Tanya Crane, esteemed jeweler and metalsmith and recent guest at the Donald Claflin Jewelry Studio Coffee Hour, talks with Katie McCabe '21 about her career path.

For many, this summer is riddled with uncertainty and suffering. In the midst of it all, students and staff are trying their best to stay connected and stay afloat. The Donald Claflin Jewelry Studio is fostering community and connection by holding online jewelry classes and hosting a biweekly Coffee Hour, where students are invited to join a guest artist for a casual chat about jewelry, life, or whatever their hearts desire. 

Tanya Crane was the Coffee Hour guest on July 20th. She is an esteemed jeweler and metalsmith from southern California currently living in Boston, MA, as a Professor of the Practice of Metals at the School of the Museum of Fine Arts in Boston. Much of her work, in her own words, "dwells within a liminal existence between prejudice and privilege" as she navigates being Black in white spaces. In the Coffee Hour and an additional interview, she generously shared her thoughts and experiences with Dartmouth students.

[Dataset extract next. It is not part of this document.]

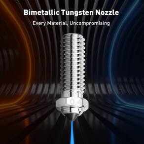 - O carboneto de tungstênio é 3 vezes mais condutor térmico do que o rubi e tem excelente desempenho na impressão de filamentos altamente abrasivos, como materiais preenchidos com fibra de carbono/vidro, preenchidos com metal e materiais que brilham no escuro.

How did you get your start in jewelry and metal?

"I started taking metalsmithing classes in Seattle at a community art center named Pratt. It's named after Edwin T. Pratt, the Black activist. In the '60s he was assassinated in front of his home like all other Black leaders during that time… The very first class I took was a combination of foldforming and color on metal, which was enamel, and I was hooked from there. I took as many classes as I could. I worked there as a work study student, because of course I couldn't afford classes… I lived there for six or seven years, taking more than 20 classes." 

How do you choose your colors? What does color mean to you when you use it in your work?

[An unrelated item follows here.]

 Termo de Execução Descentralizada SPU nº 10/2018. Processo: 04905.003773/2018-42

"It's funny because it's kind of been an evolution. When I first started enameling, I was exploring all the colors. I gravitated towards green—bitter green in the Thompson enamel colors is my favorite green—and sapphire, and I would just pair a more earthy tone with a green or blue. Then in grad school, when I was making a body of work, I moved to just black and white. There was no color. I didn't even add a pop of red or something. The black and white for sgraffito was dramatic!… I still do black and white work, but I've moved to colors."

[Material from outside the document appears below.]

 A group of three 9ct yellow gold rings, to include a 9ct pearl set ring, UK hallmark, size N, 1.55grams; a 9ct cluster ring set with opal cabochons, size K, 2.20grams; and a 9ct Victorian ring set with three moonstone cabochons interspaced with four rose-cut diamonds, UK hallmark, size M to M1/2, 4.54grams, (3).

On being mixed-race in California and out East

"I grew up in a very white suburb, and my parents were divorced. My father lived a little further northeast in California and my aunt lived in South Central LA, so every holiday my sister and I would be carted around and shown off to all the relatives on my dad's side. It was a completely different world. If you can imagine late '70s-early '80s Black and white culture—totally different than it is now. Now there's more mixing happening. Even the idea of having a mixed race child—my mom, white, raising two Black children was really not common. I was seen as Black within my white community, but it was never an issue, it was never brought up. I was seen as Black, but I was white-accepted. And California is a totally different culture. Moving to the East Coast, it's more pronounced. I'm more on display. There's more interest in knowing 'what you are', that kind of thing. Wanting to 'get to the bottom of it' for whatever reason, to satisfy whatever curiosity. So that has spawned many bodies of work: this 'other,' but this 'accepted.' There are all these divisions that people have put up. And I'm discovering throughout this whole time my own identity. That's still happening, and it shifts, too. My husband and I have moved 25 times; we've lived in New York City, upstate New York, Madison, Wisconsin, Seattle, California, everywhere but the South. The East Coast is the most weighted as far as race relations. It's the oldest, it has the longest history of anti-Black, slavery, all of that stuff. It's weird. And I don't know that we'll ever get used to it. I don't know that it's ever going to change."

When you make art about your identity and growth, is it ever painful to sell any of it?

"It's never painful, but I think that working really long on a piece and then it going away is like losing a part of you. I wouldn't call it painful; I'd call it 'I hope it has a good life'. That's why I'm on the fence about collecting—not to wear, but collecting to put into a museum or something. I was asked several years ago by a museum to donate a piece, but I didn't donate a piece of jewelry. I donated a piece that was meant to sit somewhere… It's weird to work so long on something and have it just sit somewhere. I want people to wear it. That's why I make so many earrings!"

On who buys her work

"The art jewelry world is very small, and we pretty much support each other; we're the ones buying each other's work. It's the beauty, but it's also going to be the demise of our community—because there's no outside support. People don't understand that jewelry is a part of the art world, it's a part of the craft world, and that needs to be promoted as such so that more people are informed and want to purchase our work. People who are not jewelers! This is really important. We can only sustain it for so long, and there's a very small amount of collectors, and they're old now! They're donating to museums. Now, the work that's in museums is representative of about the 1980s. That's 'contemporary,' but really it's not… That's 40 years ago. We need to educate a new group of young collectors, and young collectors that aren't jewelers."